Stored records
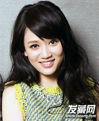 黑色卷发知性而美好,斜刘海修饰脸型,凸显出纯真动人的笑脸。
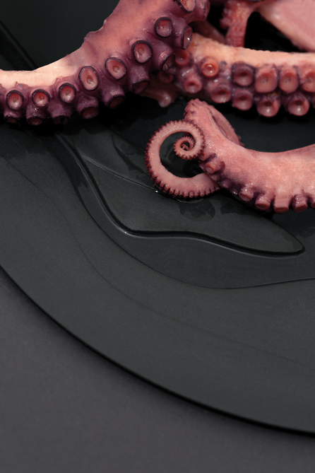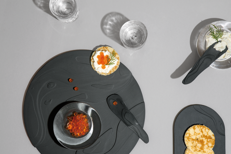 plates and spoons.A black underplate works as a space for dry foods like bread and also as the frame for the glass bowl, which is made out of solid, sandcasted glass. The contrast between
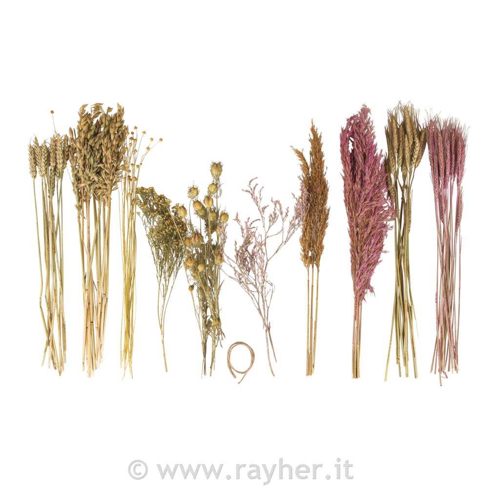 Modna mešanica suhega cvetja iz različnih materialov, ko so pšenica, oves, ličnik, trsni strnad, črna kumina...in druge, bodo napilnile prostor tudi z vonjem po naravno sušenem cvetju in travi.
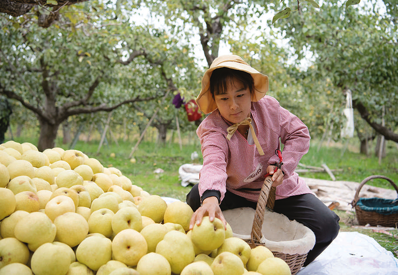 9月18日,在安徽省宿州市砀山县一处梨园内,梨农在分拣酥梨。
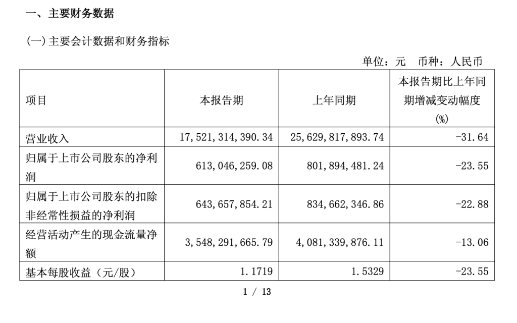 4月28日,老凤祥股份有限公司(老凤祥,600612)发布2024年年报和2025年一季度财报。一季度报显示,老凤祥营业收入175.21亿元,同比减少31.64%;归属于母公司所有者的净利润6.13亿元,同比减少23.55%;基本每股收益1.1719元,同比减少23.55%。
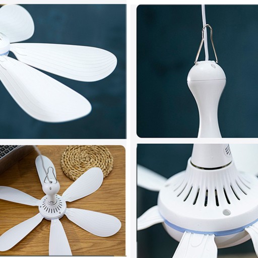 🪭Mini przenośny wiszący elektryczny wentylator sufitowy 110 V 400 mm Z 6 kawałkami miękkich ostrzy, które można bezpiecznie uruchomić nie raniąc ludzi, i są łatwe do czyszczenia.
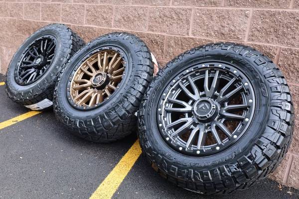 Fuel Rebel 8x180s in Matte Black Matte Bronze Matte Gunmetal 20x9 +1 Offset Few tire options 275/65/20 33x12.5x20 35x12.5x20 37x12.5x20 Depending tire size and size pricing ranges from $2895 and up....
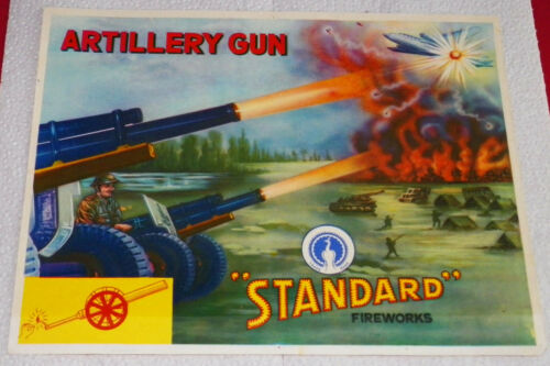 Title (ebay affiliate link): VINTAGE "STANDARD FIREWORKS" ARTILLERY GUN FIRECRACKER LABEL FROM INDIA 9"X7"
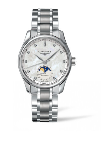 浪琴表名匠系列月相腕表,表款直径34毫米,搭载L899专属自动上链机械机芯。6点钟位置设有月相显示,以及环状日期显示,小指针指示当前所处日期。白色珍珠母贝表盘上饰以钻石时标,搭配精钢表链。
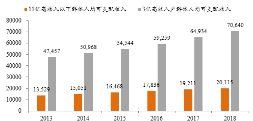 收入的分化必然影响到消费的分化,这也是为何去年大家对于究竟是消费降级还是消费升级争论不休的原因。但事实上,2018年高收入组的人均可支配收入增长率是其他组均值的近两倍。
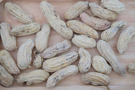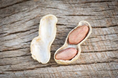 Roasted peanuts on a wooden background / Shell peanut in shells for food or snack
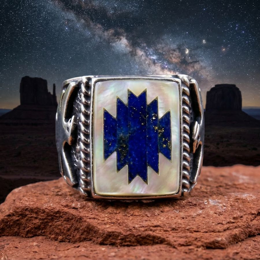 Anello in argento sterling/925, incastonato con pietre semipreziose multicolori che formano un motivo navajo con un uccello del tuono in rilievo su ogni lato.
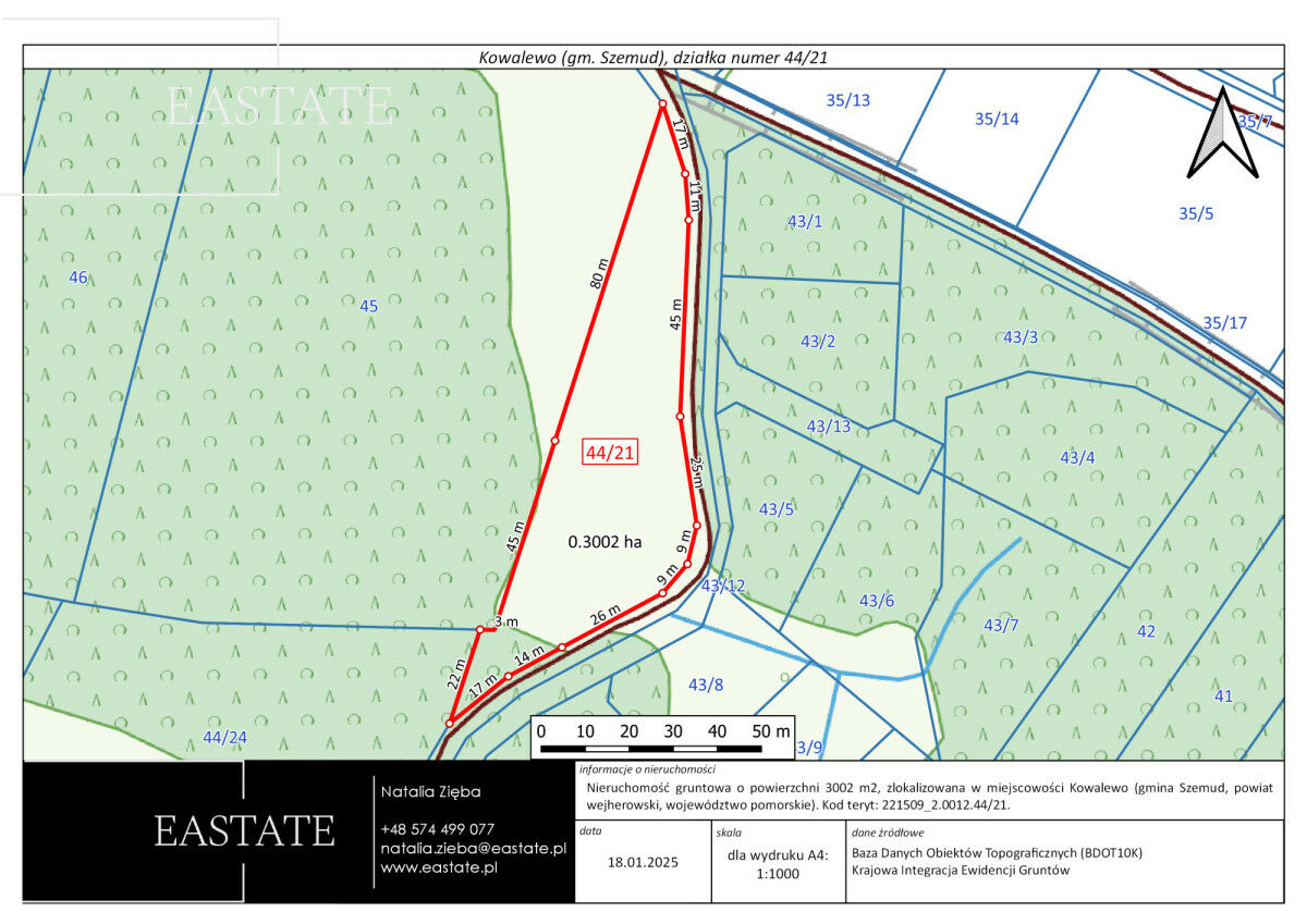 • Status: działka nieogrodzona, z pełnym potencjałem do zagospodarowania według własnych potrzeb
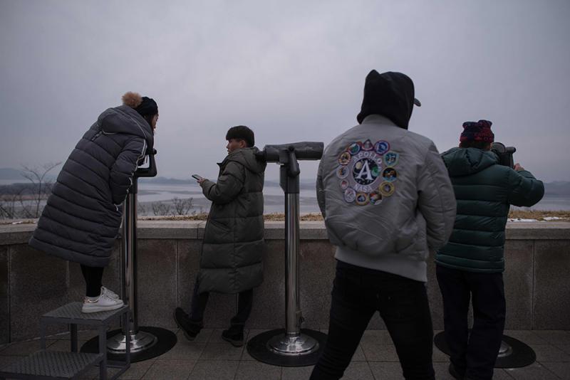 图:韩国民众在边境城市坡州望向对面的朝鲜\法新社
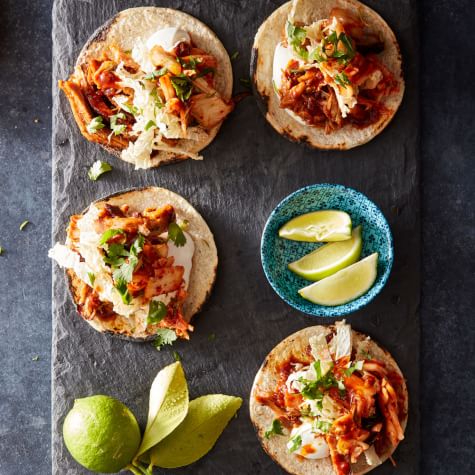 In this inventive use of one of our Korean-inspired braising sauces, we marry pork braised with chile and garlic with traditionally Mexican ingredients such as corn tortillas and crema for deliciously different Korean tacos. If your slow cooker doesn’t have a flameproof insert and a browning function, simply brown the pork in a Dutch oven or large sauté pan on the stove top over medium-high heat before transferring the pork to the slow cooker and adding the braising sauce.
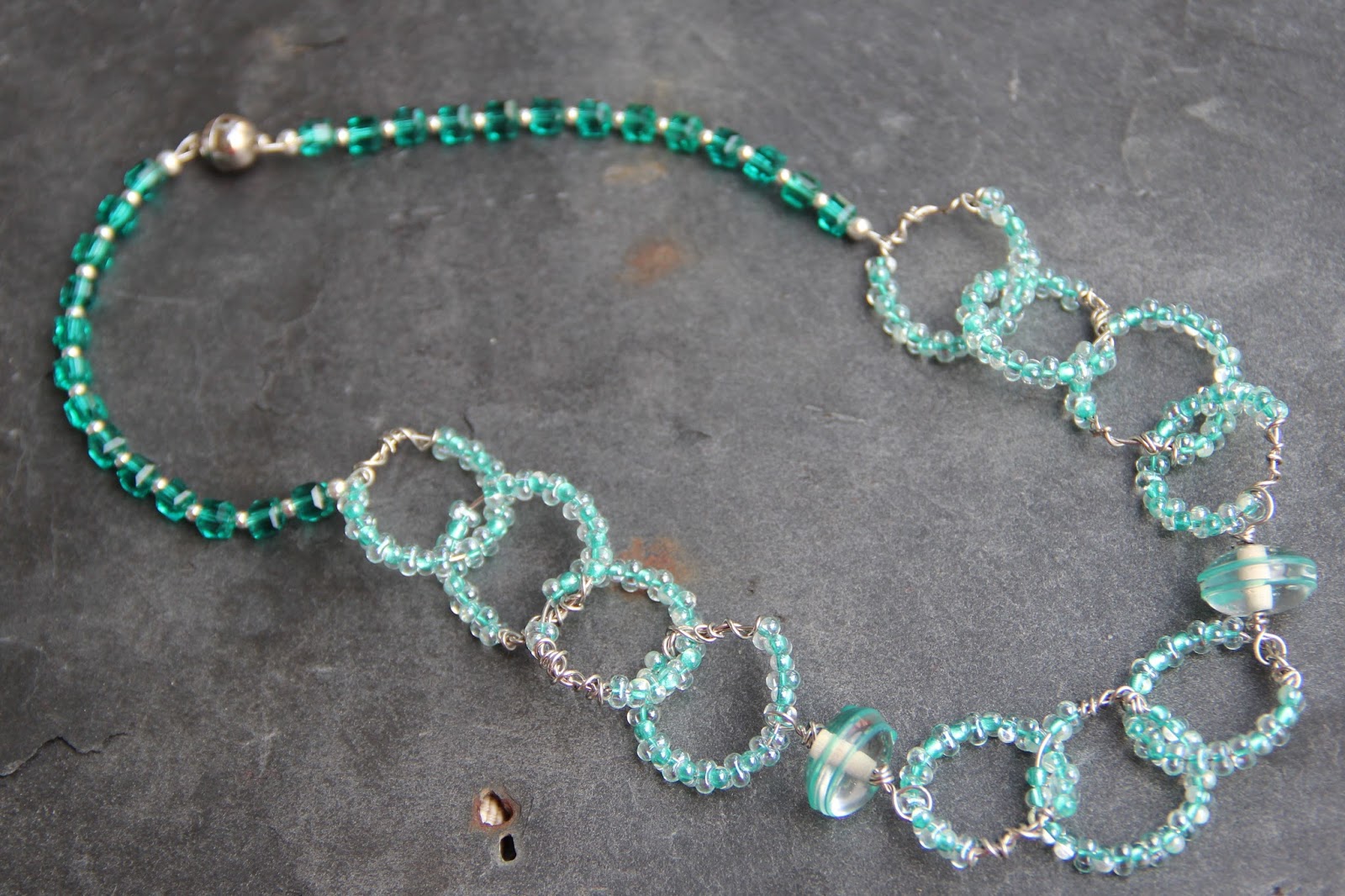 | Maillons en fil de métal et perles « peanut » (cacahuete), perles de verre, cristal Wireworked beaded links with peanut beads, glass beads, crystal |

ACTIVITY = Up to and including the line containing "图:韩国民众在边境城市坡州望向对面的朝鲜\法新社", quote each line of the entries above from the very first, please, exactly and without images.

RESPONSE BOX =
 黑色卷发知性而美好,斜刘海修饰脸型,凸显出纯真动人的笑脸。
 plates and spoons.A black underplate works as a space for dry foods like bread and also as the frame for the glass bowl, which is made out of solid, sandcasted glass. The contrast between
 Modna mešanica suhega cvetja iz različnih materialov, ko so pšenica, oves, ličnik, trsni strnad, črna kumina...in druge, bodo napilnile prostor tudi z vonjem po naravno sušenem cvetju in travi.
 9月18日,在安徽省宿州市砀山县一处梨园内,梨农在分拣酥梨。
 4月28日,老凤祥股份有限公司(老凤祥,600612)发布2024年年报和2025年一季度财报。一季度报显示,老凤祥营业收入175.21亿元,同比减少31.64%;归属于母公司所有者的净利润6.13亿元,同比减少23.55%;基本每股收益1.1719元,同比减少23.55%。
 🪭Mini przenośny wiszący elektryczny wentylator sufitowy 110 V 400 mm Z 6 kawałkami miękkich ostrzy, które można bezpiecznie uruchomić nie raniąc ludzi, i są łatwe do czyszczenia.
 Fuel Rebel 8x180s in Matte Black Matte Bronze Matte Gunmetal 20x9 +1 Offset Few tire options 275/65/20 33x12.5x20 35x12.5x20 37x12.5x20 Depending tire size and size pricing ranges from $2895 and up....
 Title (ebay affiliate link): VINTAGE "STANDARD FIREWORKS" ARTILLERY GUN FIRECRACKER LABEL FROM INDIA 9"X7"
 浪琴表名匠系列月相腕表,表款直径34毫米,搭载L899专属自动上链机械机芯。6点钟位置设有月相显示,以及环状日期显示,小指针指示当前所处日期。白色珍珠母贝表盘上饰以钻石时标,搭配精钢表链。
 收入的分化必然影响到消费的分化,这也是为何去年大家对于究竟是消费降级还是消费升级争论不休的原因。但事实上,2018年高收入组的人均可支配收入增长率是其他组均值的近两倍。
 Roasted peanuts on a wooden background / Shell peanut in shells for food or snack
 Anello in argento sterling/925, incastonato con pietre semipreziose multicolori che formano un motivo navajo con un uccello del tuono in rilievo su ogni lato.
 • Status: działka nieogrodzona, z pełnym potencjałem do zagospodarowania według własnych potrzeb
 图:韩国民众在边境城市坡州望向对面的朝鲜\法新社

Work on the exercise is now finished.